Below are instructions for loading and configuring FSLeyes to work with MRSI data. Say the input FID (used for fitting) is FID_Metab.nii.gz and the output from fsl_mrsi is a folder called mrsi_output. You can load these data into FSLeyes with:

fsleyes  mrsi_out/{fit.nii.gz,baseline.nii.gz,residual.nii.gz} FID_Metab.nii.gz T1.nii &

Then open View=>Power Spectra, select the FID/fit/baseline/residuals as required for display.

Now to make the power-spectrum display nicely, we need to change the x-axis scaling/shifting to be compatible with MRS conventions (shifted PPM). Open the Power spetrum control panel, and do the following:

  • Invert X axis

  • Set X axis scale to 1/{central frequency}

  • Set X axis offset to 4.65 (Shift of water to Tetramethylsilane)

  • Untick “Autoscale X” and Set X axis limits to a desired PPM range (e.g. [.2,4.2])

  • Untick “Normalise to unit variance”

You should be able to see something like this (after playing around with changing the colours and the panel locations):

_images/fsleyes.png

5. SVS results dashboard

Warning: experimental / new feature

The results from multiple single voxel (SVS) fits can be viewed on a single webpage by using the fsl_mrs_summarise command. For example:

fsl_mrs_summarise dir results_dir/

or

fsl_mrs_summarise list results.txt

Where results_dir/ contains sub-directories of results generated by the fsl_mrs command, or results.txt contains a line-separated list of directories.
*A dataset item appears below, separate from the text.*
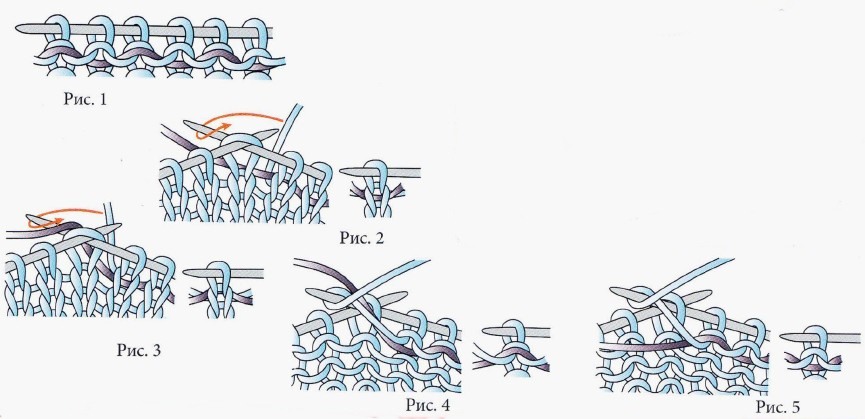 На лицевой стороне вязать правой спицей и держать нить второго цвета в левой руке. Ввести правую спицу в петлю и пропустить нить один раз под рабочей нитью, второй раз над рабочей нитью (рис. 2, 3). Петли провязывать только рабочей нитью. При этом перемычки подхватывают рабочей нитью на каждой второй петле, или через несколько петель.

_images/fsl_mrs_summarise_0.png

This generates an interactive Dash app that displays metabolite concentrations, uncertainties, and QC parameters (SNR and linewidths). Sumamry statistics are given in table form below.

By selecting one of the plotted datasets, the data + fit is displayed lower in the page.

_images/fsl_mrs_summarise_1.png _images/fsl_mrs_summarise_2.png

The single dataset + fit is displayed next to the mean (±1SD) data and fit.